The term “OSG substrate” as used herein means a substrate coupon tested in conjunction with the invention comprising of a silicon wafer prepared with a first surface layer of organosilane glass (OSG) dielectric.

The term “surface” as used herein refers to any substrate boundary where deposition of a tantalum metal film is desired. Surfaces include, but are not limited to, e.g., two-dimensional surfaces (e.g., horizontal surfaces, vertical surfaces, flat surfaces), three dimensional surfaces, feature surfaces (e.g., vias, wells, channels, trenches, interconnects), compound or complex surfaces, as well as surfaces including, e.g., metal surfaces, polymer surfaces, ceramic surfaces, and the like, or combinations thereof. No limitations are intended.

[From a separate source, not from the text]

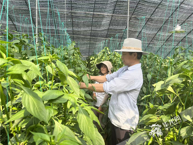 农户涂生清在“师傅”带领下学习管理辣椒。华龙网-新重庆客户端记者 陈美西 摄

The terms “substituents” and “constituents” as used herein refer to atoms or groups of atoms that can exchange with ligands and/or functional groups present in a precursor molecule. Hydrocarbon substituents include, but are not limited to, e.g., alkyls, alkenyls, and alkynyls.

The term “alkyl” means a monovalent, unbranched or branched hydrocarbon chain having no double bonds therein, derived from an alkane molecule by removing one hydrogen atom, e.g., methyl (CH3) and ethyl (C2H5), derived from their parent alkanes, i.e., methane (CH4) and ethane (C2H6), respectively. In some cases different alkyl groups can be formed from the parent alkane by removing a different hydrogen atom along the chain, e.g., 1-propyl or n-propyl (CH2CH2CH3), and 2-propyl or isopropyl [CH(CH3)2], both formed from propane (CH3CH2CH3). When a functional group is joined with an alkyl group, replacing the hydrogen that was removed, a compound is formed whose characteristics depend largely on the functional group. Alkyl groups include, but are not limited to, e.g., C2-C8 alkyl groups such as methyl, ethyl, propyl, butyl, pentyl, hexyl, and like substituents. Alkyl groups can be unsubstituted or substituted with one or more substituents.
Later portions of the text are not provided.